Barring some unforeseen circumstance, such as a Taliban attack on the CN Tower, there is not. Canadian soldiers may be gung-ho about risking their lives in Kandahar, but those who pay their wages are not.” (Thomas Walkom June 24, Toronto Star)

I always make a point of reading Thomas Walkom.  His writing is refreshing and knowledgeable and always a good read.  His musings about Kandahar and the Harper government certainly ring true.  What ever happened to that election campaign we were supposed to have?

Hmmmm seems to be on October 18, 2009.  At least that’s what Conservative Prime Minister Stephen Harper is planning for.  Bill C-16, which has been passed, sets the election for that date.  However, in a minority situation that is unlikely to happen.  It would seem all the political parties ran out of excuses to pull the trigger.  It was like at one time everybody wanted to go out for lunch but as time wore on everybody lost their appetite.

It’s interesting how it all happened.  Afghanistan is surely key to the political situation we know find ourselves in.  Like Thomas Walkom says, Stephen Harper doesn’t want to extend this mission past February 2009.  It’s been a long time since he said Canada wouldn’t “cut and run” soon after he was elected.  Too many Canadian lives lost and too little support among Canadians for this mission has essentially cut it short.  Harper the pragmatist knows its over.

Is it the right thing to think and do, get out of Afghanistan?  It don’t matter now, you can almost see the writing on the wall.  It would seem the fear and palpable pressure post 9/11 has passed.  Swinging at the Taliban enemy in Afghanistan is like feigning at phantoms.  And of course why are they any worse than those who abuse and kill in far off places in Africa and South America?  Picking your poison is never about fairness.

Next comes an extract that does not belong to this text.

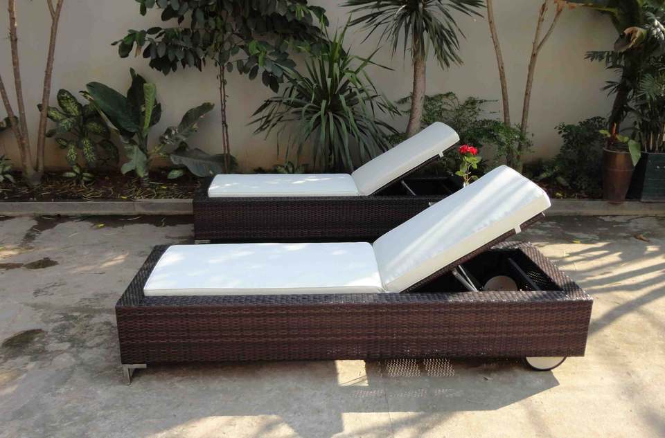 Outdoor Reclining Wicker Rattan Chaise, Beach Pool Yard Porch Adjustable Backrest Lounger Chair, Beige

In Canada its pretty obvious people don’t understand why we’re there and why Canadians are dieing.  Afghanistan is a noble effort but it pales compared to Utah Beach, Dieppe and the epic battles at Vimy Ridge and the Somme.  Ultimately this sentiment has shown up in the political arena first led by the NDP and the Bloc.  In a minority parliament, future deployment in Afghanistan is an end game.  Canadian forces in Kandahar doing the dirty work can see all of this with their eyes wide open.

Afghanistan might be key to the political deadlock at home, but there are many other things causing the political logjam.  In short nobody can see there way out.  Stephen Harper’s Conservatives are neck and neck with the Liberals.  Stephane Dion is losing his wonkishness and gaining a little bit of eclectic cool.  However, they both know an election would just reshuffle the seat numbers.  Majority territory is not apparent for either of them.

The Bloc doesn’t want an election because they are a fish without water right now.  Parti Quebecois leader Andre Boclair’s third place showing in the Quebec provincial election dampened the sovereignists hopes in Quebec.  Going back to the Quebec electorate with essentially the same songbook was a road to third place again in Quebec.  However his time it would be at the federal level behind the federal Liberals and Conservatives.  Gillies Duceppe is smarter than that, although he did have a bit of a brain fart when he leapt into the PQ leadership and dropped out on the same weekend.

Jack Layton is against continuing the mission in Afghanistan.  However, its pretty obvious he’s led on this issue with everybody else falling into line.  The problem is he doesn’t get any points for that or votes either.  The NDP always has a problem carving out their place on the left.  Ditto this time around.  The hated Libs always seem to crowd their room when it’s convenient.

I haven’t said anything about Elizabeth May and the Greens.  However they are to be taken seriously.  Any party that takes 10% of the vote nationally fundamentally changes the arithmetic to power.  The Greens have done that.  It’s one reason why Harper and Dion cannot get a majority in our splintered political environment.  However having May run against Peter McKay, in my mind is a road to electoral defeat.  Why not choose a riding on Vancouver Island?

So at least on the federal level, put election fever on the backburner.  It might be 2009.  In the meantime you’ll be inundated with provincial politics.  Their provincial showdown comes in October, and that may be another reason for our federal election process to be delayed that much longer.